As she stood up, brushing bits of grass from her bare knees and gazing at the colourful borders, she couldn’t help but let her mind drift back, as it had been doing obsessively of late, to the event a month earlier that was the cause of all her troubles.
Phoebe’s invitation to the fifth wedding anniversary party had seemed a wonderful opportunity to catch up with the sister Brooke was so close to but didn’t get to see often enough. Their schedules seldom allowed it: Brooke was either too busy with her London clients or off in France; or else Phoebe and her husband Marshall were away on one of the frequent exotic vacations with which an investment banker and a Pilates instructor to the celebs could indulge themselves. Skiing in Aspen, snorkelling off Bermuda, high-rolling in whichever of the world’s best hotels and restaurants were currently fashionable with the Serious Money Club. The couple had only recently moved into their latest acquisition, an insanely expensive eight-bedroom mock-Tudor house in Hampstead that Brooke hadn’t seen until the night of the party.

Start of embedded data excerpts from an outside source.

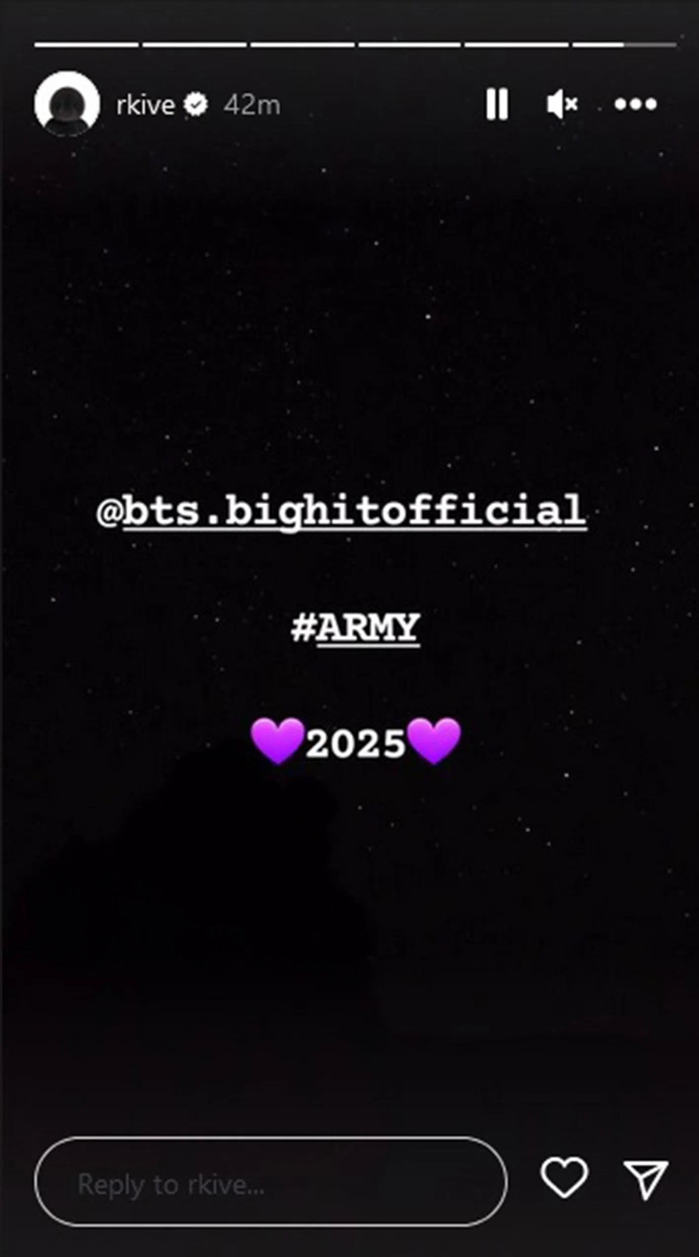 After news of the renewal was announced, BTS leader RM posted on Instagram Stories on Wednesday a photo of part of his contract as well as the numbers “2025” with the hashtag #ARMY, referring to the name of the band’s fan base.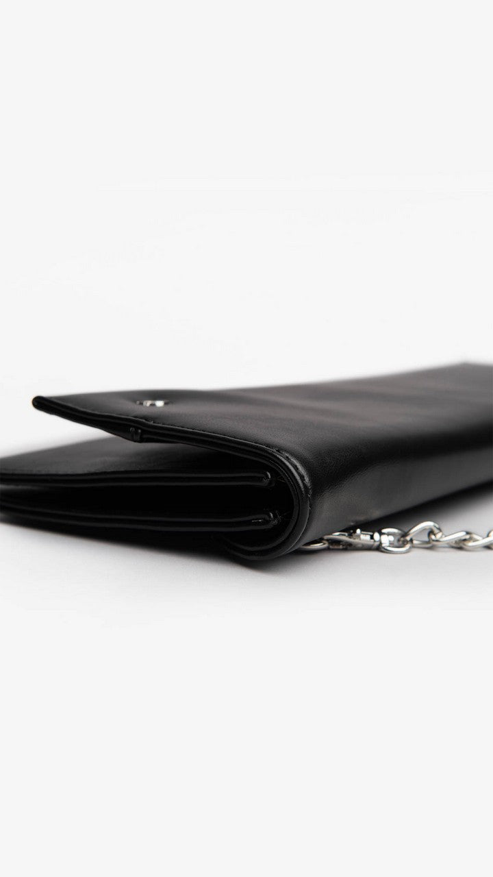 Pochette realizzata in materiale tecnico con stampa vitello. Due comodi scomparti interni con tasca di servizio. Chiusura con bottone automatico. Dotata di una pratica tracolla in catena in abbinamento.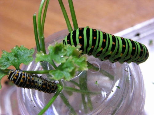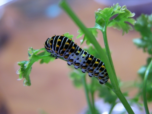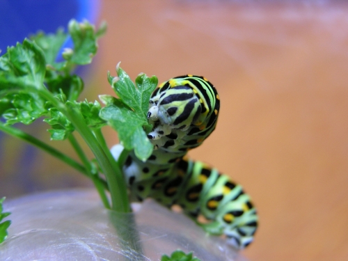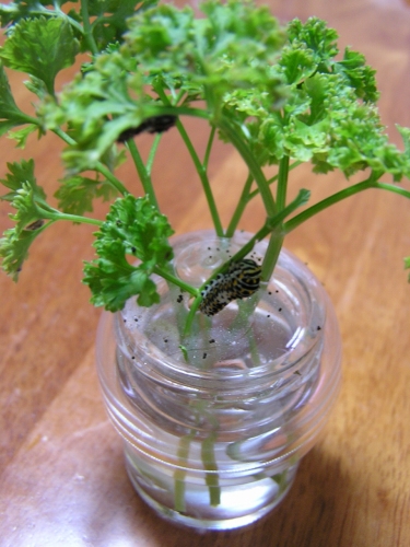 見切り品の10円パセリにキアゲハのたまごがみっつ。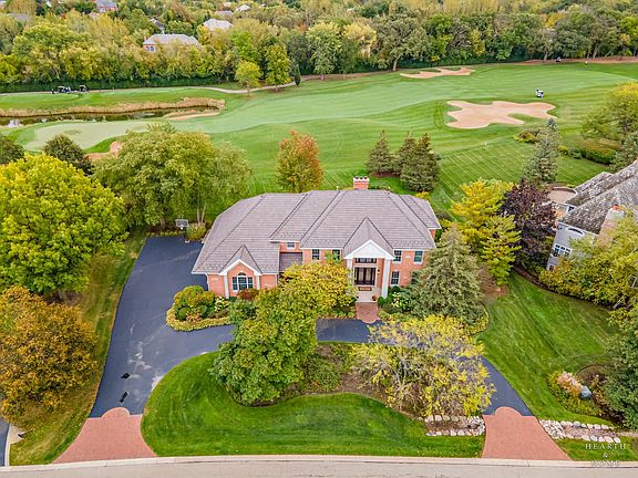 From the moment you Enter the gated community and follow the most gracious treelined drive and arrive at one of the most coveted addresses in Long Grove, you know you have arrived home. Welcome to a home that brings you a unique value of balanced living, sophistication & refinement, nestled in the heart of the Exclusive 24/7 guard-gated Royal Melbourne Community. This home is set on the 11th hole on one of the best premium lots in the neighborhood, far away from road noise or golf balls. It takes in sweeping views of the golf course and it majestic grounds. This home blends timeless architecture with custom craftmanship and modern amenities. The sweeping circular drive and stately porte-cochere frame the dramatic arrival while mature trees and beautiful stonework set the tone for understated elegance. The all-brick facade, with brilliant white stone accents, is enriched with tall windows, refined trim, and the luxury you would expect. Step into the dramatic two-story foyer into a sanctuary of light! Soaring ceilings, gleaming hardwood floors, and custom millwork define each space. There are both a formal living room and dining room, both anchored by picture windows and designer lighting, and provide settings for refined gatherings or casual conversation. The study is amazing! French doors open it to the amazing outdoor patio space so you can bring your work outside! If you do not need this office space, it can be a 5th bedroom or be made into an in-law suite with a full bath right next to it! The heart of the home is the gourmet Chefs kitchen featuring top of the line stainless steel appliances (Viking), a grand center Mahogany island, custom cabinetry, and stunning golf course views and amazing natural light! Adjacent to the kitchen in this open floor plan is the Vaulted family room with an architectural focal point fireplace and floor to ceiling windows that invite the indoor-outdoor flow to the amazing terrace! Additional first floor amenities include a butler's pantry, wet bar, mudroom with sink and built in cabinetry, and a half bath. Upstairs, every bedroom is a sanctuary. The primary suite is especially sumptuous, featuring tray ceilings, a luxurious spa-style bath with dual vanities, soaking tub, glass-enclosed shower, & an impressive dressing area with dual walk-in closets. It also features an additional room currently being used as an office that could be a workout room, nursery, or additional closet. It also features its own porch that serves as a private veranda overlooking the backyard, patio, and golf course! Additional en-suite bedrooms offer well-scaled comfort and design continuity throughout. The finished lower level elevates this home's entertaining credentials. With a fabulous recreation room, fireplace, wet bar, fitness center, sauna, this floor is constructed for fun and functionality. Every inch is finished with high-end finishes and thoughtful design. Outdoors, the property is built for luxury living at its best: extensive patios, an alfresco kitchen or grilling area, secluded seating zones, and fire-featured spaces offer dynamic spots for gatherings or quiet repose. All set against landscaped grounds and panoramic vistas that takes in the most stunning of sunrises! You will entirely enjoy the Fabulous Screen porch designed from the James Bond film "Casino Royale". This room has stunning masonry and arched windows, and its own fireplace and windows to make it last all year long! *Very Important to note 1 YR OLD DaVinci Roof w/50 YR warranty* This home offers not only beauty but also educational excellence. This home attends a trifecta of fabulous schools in Country Meadows, Woodlawn, & Stevenson High School! Residents benefit from Royal Melbourne's tranquil walking paths, Private Park, proximity to Country Club amenities (Golf, tennis, Paddle, Pickle & Pool) and a sense of exclusivity and prestige that few addresses can match. This is the opportunity you have been waiting for! Love where you live!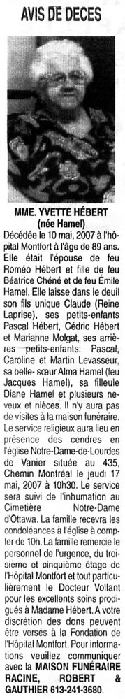 Hébert, Yvette (Née Hamel) (1918-2007)

And what a party. The huge house was milling. A trad jazz band were playing in the corner of one palatial room, people were dancing, champagne was flowing. If anyone there hadn’t been a stockbroker or a top barrister, a billionaire banker or a PR guru, Brooke must have missed it. All she’d really wanted was to get some time alone with her sister, but Phoebe was taken up with playing the hostess and they’d barely been able to snatch more than a few words by the time the champagne was going to Brooke’s head and she’d headed for the kitchen to get herself a drink of water.
Not surprisingly, the kitchen was gigantic. Miles of exotic hardwood worktop and every conceivable cooking gadget known to man – despite the fact that Phoebe and Marshall ate out almost every night – but finding something as simple as a water glass wasn’t so easy. As Brooke was searching yet another cupboard, she heard the kitchen door open and turned to see Marshall come into the room, smiling at her. He clicked the door shut behind him, closing out the noise of the band and the party buzz. He’d walked up to her and leaned against the worktop, watching her. Standing a little close, she’d thought – but made nothing of it at the time.
‘I was just looking for a glass.’
He pointed. ‘In there. Oh, there’s Evian in the fridge,’ he added as she picked out a tumbler and went to fill it at the sink.
‘Great party,’ she’d said, opening the fridge and helping herself to the chilled water. She took a sip, and when she looked back at Marshall he’d moved a little closer. Was that a little odd, or was she just imagining things?
‘I’m so glad you were able to make it,’ he said. ‘It seems so long since we last saw you, Brooke. Keeping busy? Still going over to France to teach at that place – what’s it called?’
‘Le Val.’ She nodded. ‘More often than ever.’
Marshall’s smile had wavered a little then. ‘I suppose you’re still seeing that soldier fellow?’
‘Ben’s not exactly a soldier.’
‘Anyway, it’s good to see you again, Brooke,’ he’d said. ‘Tonight wouldn’t have been the same without you.’
‘Don’t be silly. Tonight is all about you and Phoebe. I’m really happy for you both.’